Windows use in medical spaces (Re: vintage computers in active use)

Maciej W. Rozycki macro at
Thu Jun 9 19:13:17 CDT 2016

On Fri, 27 May 2016, Dave Wade wrote:

> > It makes me wonder how many patients have had to wait on care or didn't
> get
> > proper care because of an IT screwup related to Windows. I have to say
> just
> > _seeing_ Windows on machines in the ER made me livid. I found it
> breathtaking
> > they were that caviler about getting people checked in, keeping records
> > straight, etc... I guess I shouldn't have visited the sausage factory, so
> to speak...
> > 
> What would you expect.
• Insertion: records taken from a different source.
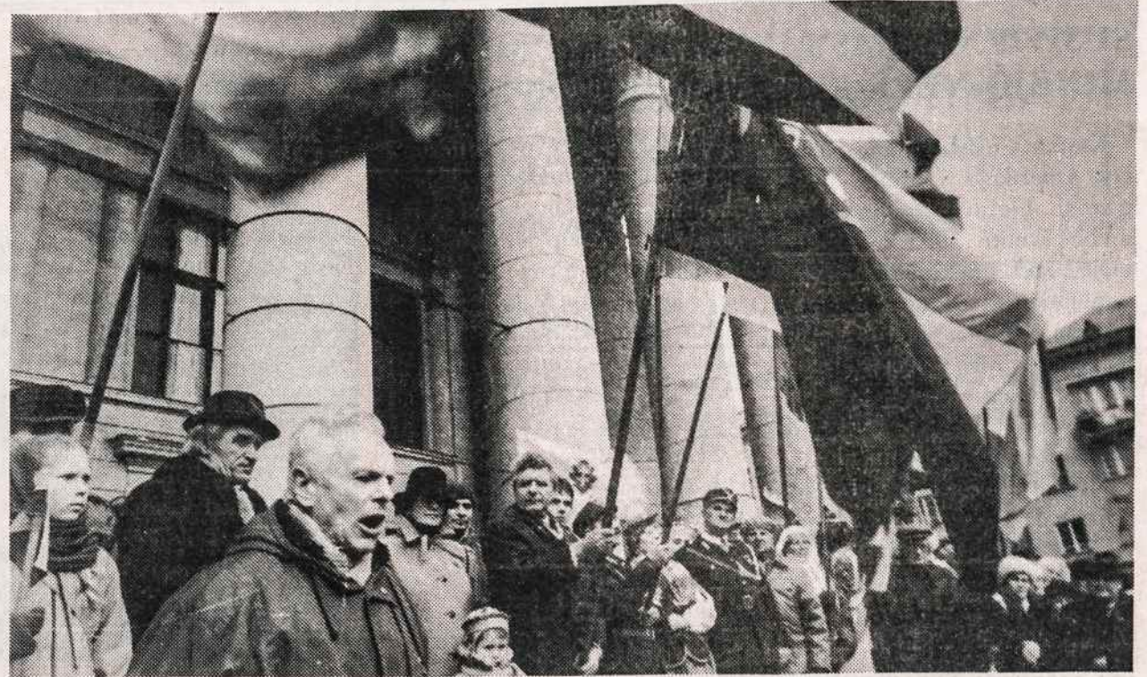
1992 vasario 16 d. minia džiūgauja Vilniuje, Nepriklausomybės aikštėje.
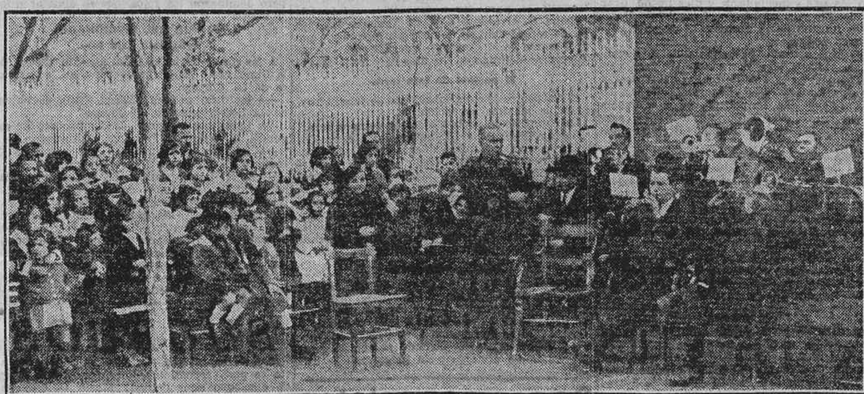
LOS MUSICOS CATALANES QUE FORMAN LA «COBLA» DE CASA DE LA SELVA DANDO UN CONCIERTO DE SARDANAS EN OBSEQUIO DE LOS NIÑOS DE LAS ESCUELAS DE AGUIRRE
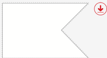
Fig. 1 Modello di bandierina
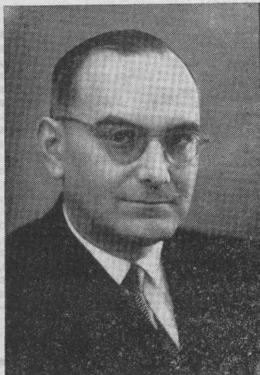
Prof. Dr. Marcelo Caetano

A nossa cooperação é imprescindível. Basta que as bandeiras de todas as facções partidárias se unam no mesmo elo.
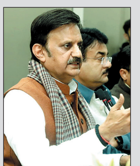
विभाग की दो वर्ष की उपलब्धियों का ब्यौरा उन्होंने पत्रकारों को दिया. इस दौरान उनसे जबलपुर के सरकारी अस्पताल के आईसीसीयू में चूहों के आतंक को लेकर सवाल पूछा गया था. इससे पहले भी इंदौर के एमवाय

उन्होंने कहा कि इंदौर के एमवाय अस्ताल की बिल्डिंग 70 वर्ष पुरानी है, वहां कई वर्षों से इस तरह की शिकायत सुन रहे थे, इसलिए ही अब वहां 773 करोड़ रुपये की लागत से नया भवन बनाया जाएगा। यह बात उन्होंने मंगलवार को एक सवाल के जवाब के दौरान कही. लोक स्वास्थ्य एवं चिकित्सा शिक्षा
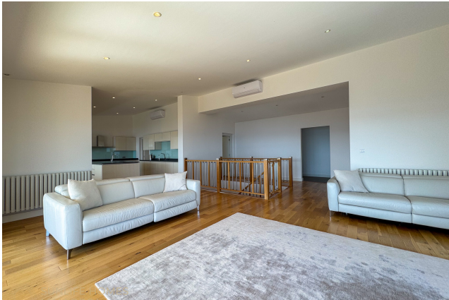
Villa Costa d'en Blanes
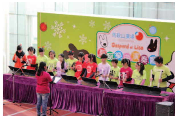
▲ 本校手鐘班在馬鞍山廣場表演。

「聖誕頌歌節」是由九龍倉集團「學校起動計劃」提供，由本校K-POP流行舞蹈團、手鐘班及合唱組負責表演。內容包括「聖誕及新年歌曲手鐘演奏」、「中英文聖誕及新年歌曲演唱」及「K-POP流行舞蹈」表演。是次表演，除讓同學有機會服務社區外，更讓同學增加演出機會、磨練演奏、演唱及跳舞技巧，並提升同學的合作精神。
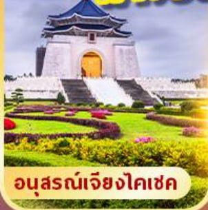
อนุสรณ์เจียงไคเชค
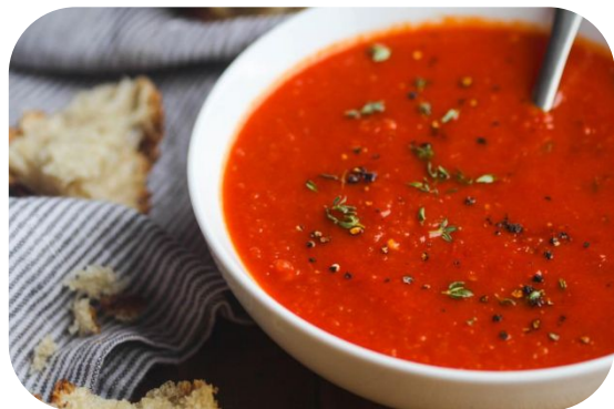
Руб (холодная похлёбка)
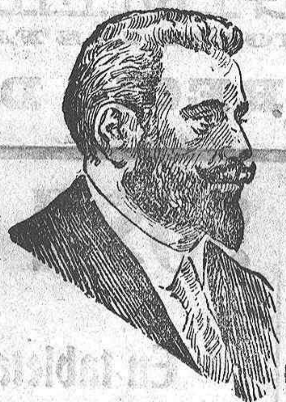
Sr. Bratiano, eminente político italiano y delegado en la Conferencia de la paz
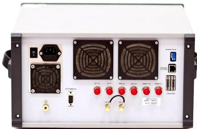
Рисунок 2 – Внешний вид задней панели измерителя
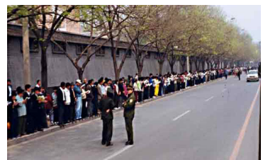
法轮功学员没有阻塞交通静静的站立等候十几个小时离开时把环境清理的干干净净
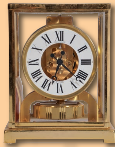
Pendule à mouvement perpétuel Jaeger Le Coultre modèle Atmos
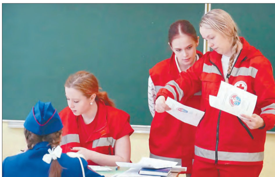
Оказание первой помощи — важнейший этап, проверяли и знание теории, и практические умения

«У нас в учебные дни вся площадь перед школой заставлена и велосипедами, и электросамокатами — больше сотни.
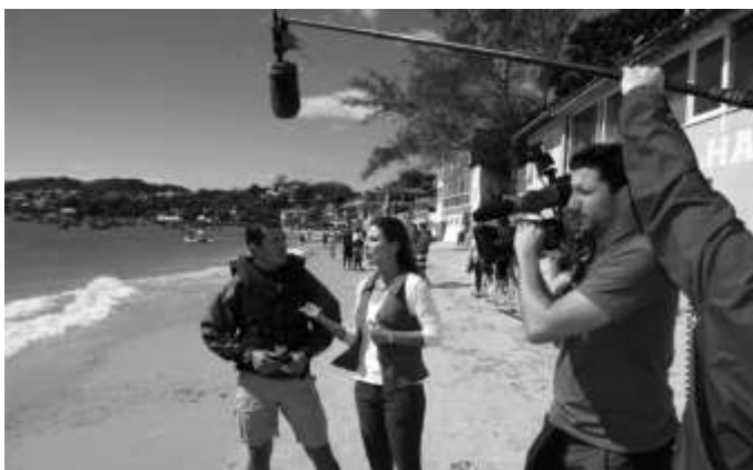
Figura 3 - Divulgação do uso de energias limpas pela Rede Globo durante do DSB 2013
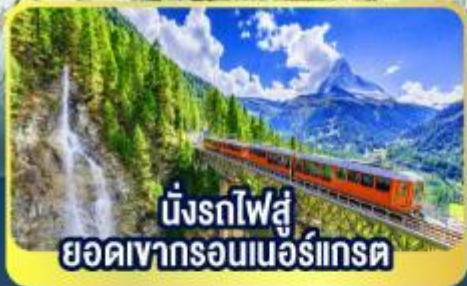
นั่งรถไฟสู่ ยอดเขารอนเนอร์เกรต
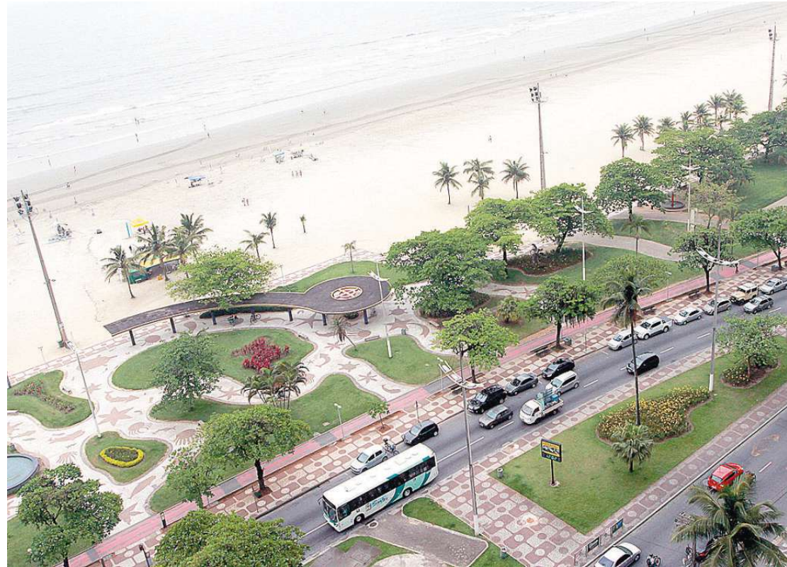
É nesta praça no calçadão que, aos sábados e feriados, é montada a Feirart, feirinha de rua de artesanato

“É a única das 120 lojas que se mantém desde sua inaugura-
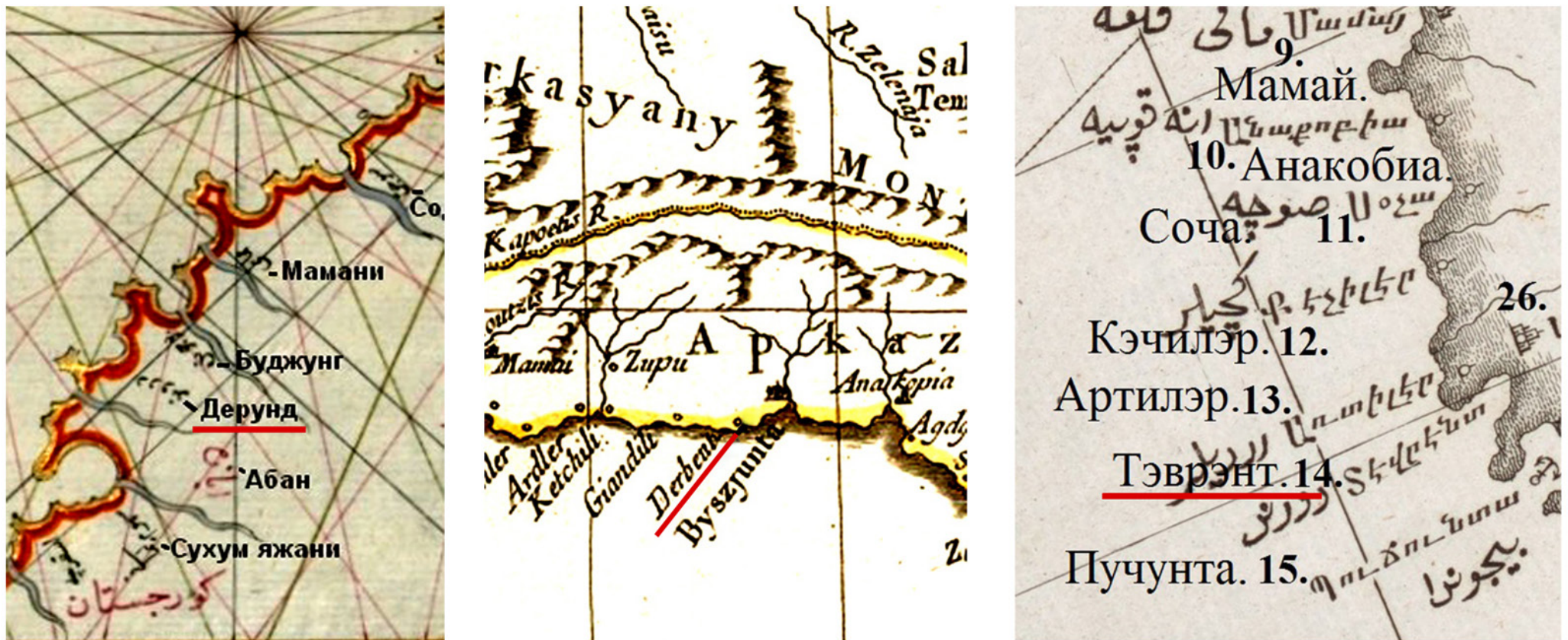
Рис. 1. Фрагменты исторических карт с локализацией Дербента: 1 - Карта Чёрного моря Пири Реиса 1525 г.; 2 - Карта окрестностей Черного моря Паоло Санти, 1776 г.; 3 - Кара Дениз, Карта Черного моря и окрестностей Понта. 1820 г.
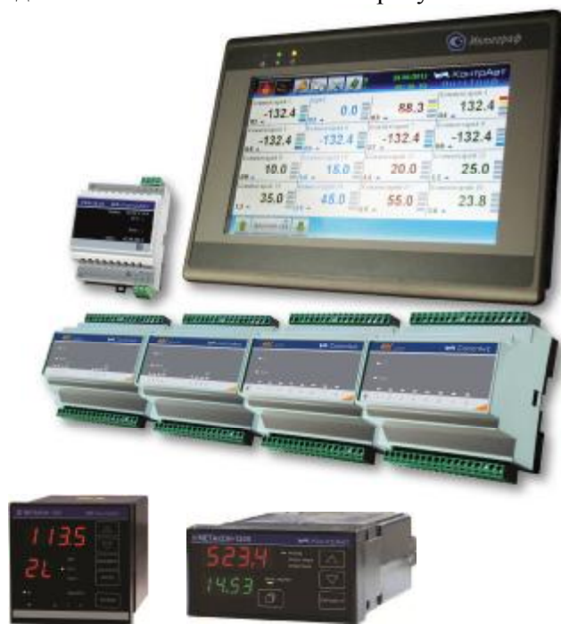
Рисунок 1- Общий вид ИВК ИНТЕГРАФ

Внешний вид ИВК ИНТЕГРАФ показан на рисунке 1.
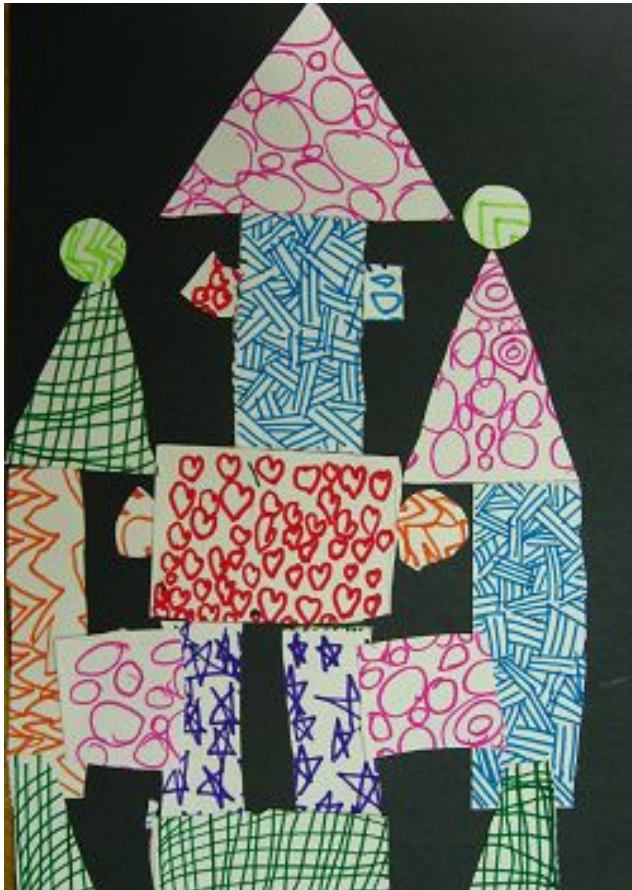
【그림 27】 도형 구성

도형을 조합하여 구상한 것을 구체적으로 나타내어 본 이 작업에서 아동들의 응용력과 기발함을 엿볼 수 있었다. 또한 형태에 대한 사실적인 표현에 많은 관심을 기울인다는 것을 느낄 수 있다.
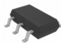
LT3462ES6#TRMPBF ADI (Analog Devices, Inc.) IC REG CUK INV ADJ 0.25A TSOT23
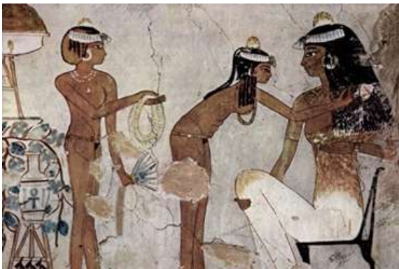
Hình 3: Phu nhân Ai Cập cùng nô lệ trong trang phục cổ đại

Điểm qua một số mốc tiêu biểu về lịch sử phát triển của phụ trang như thời Cổ đại ở Ai Cập phụ nữ (kể cả đàn ông) thường đeo nhiều vòng hạt trên cổ hoặc đơn giản là những chiếc khăn quàng đầy màu sắc.
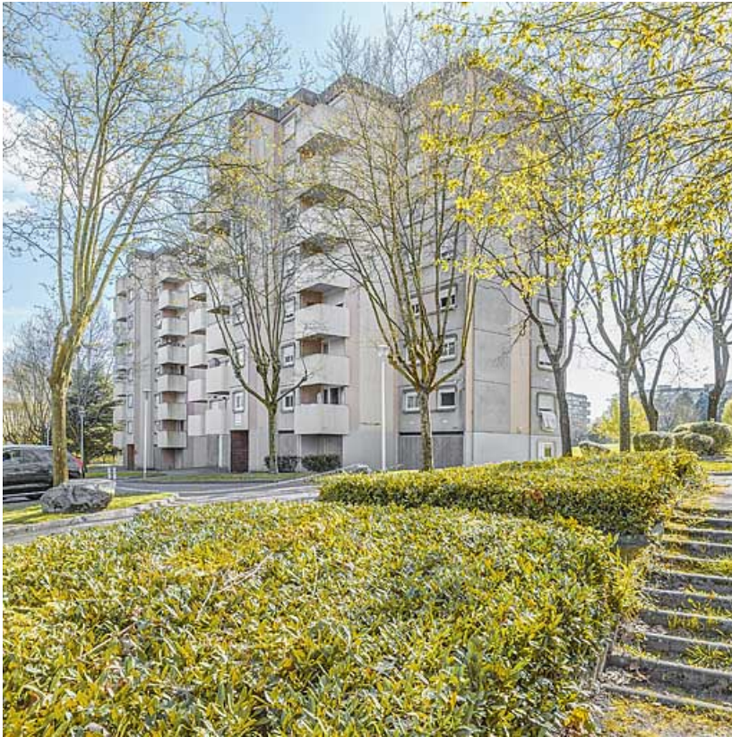
Immeuble modèle régional Redan de la cité Harfleur : façade antérieure et pignon. 71, Le Creusot avenue de Montvaltin
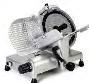
C 350 SCEV
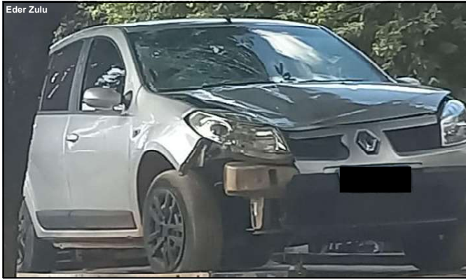
Sandero de aplicativo teve danos de média monta na frente

Properly maintained, managed enterprise and locked
> down Windows/7 is solid and reliable. 
> In the UK it is hard to use Linux in the "Public Sector" and in the UK most
> Hospitals are Public Sector.
> You can use Linux BUT you must have a support contract in place and run a
> supported distro.
> Having costed this it brings the price up way beyond that of a Windows
> desktop.

 You can surely get a proper Linux support contract -- proper as in: if 
you trigger a bug (which may be anything from a protocol violation, 
through a security hole, to a crash) in the kernel or other core 
component, then you can log it with your support provider's bug tracking 
system and get it fixed with an update release of the offending component 
provided within an agreed reasonable time frame, having live access to the 
bug status throughout the cycle.

 Now can you get it with Windows?  This is a serious question -- I've been 
asking various IT people about it many times over the years, and only got 
evasive answers (if any), but perhaps I asked the wrong people.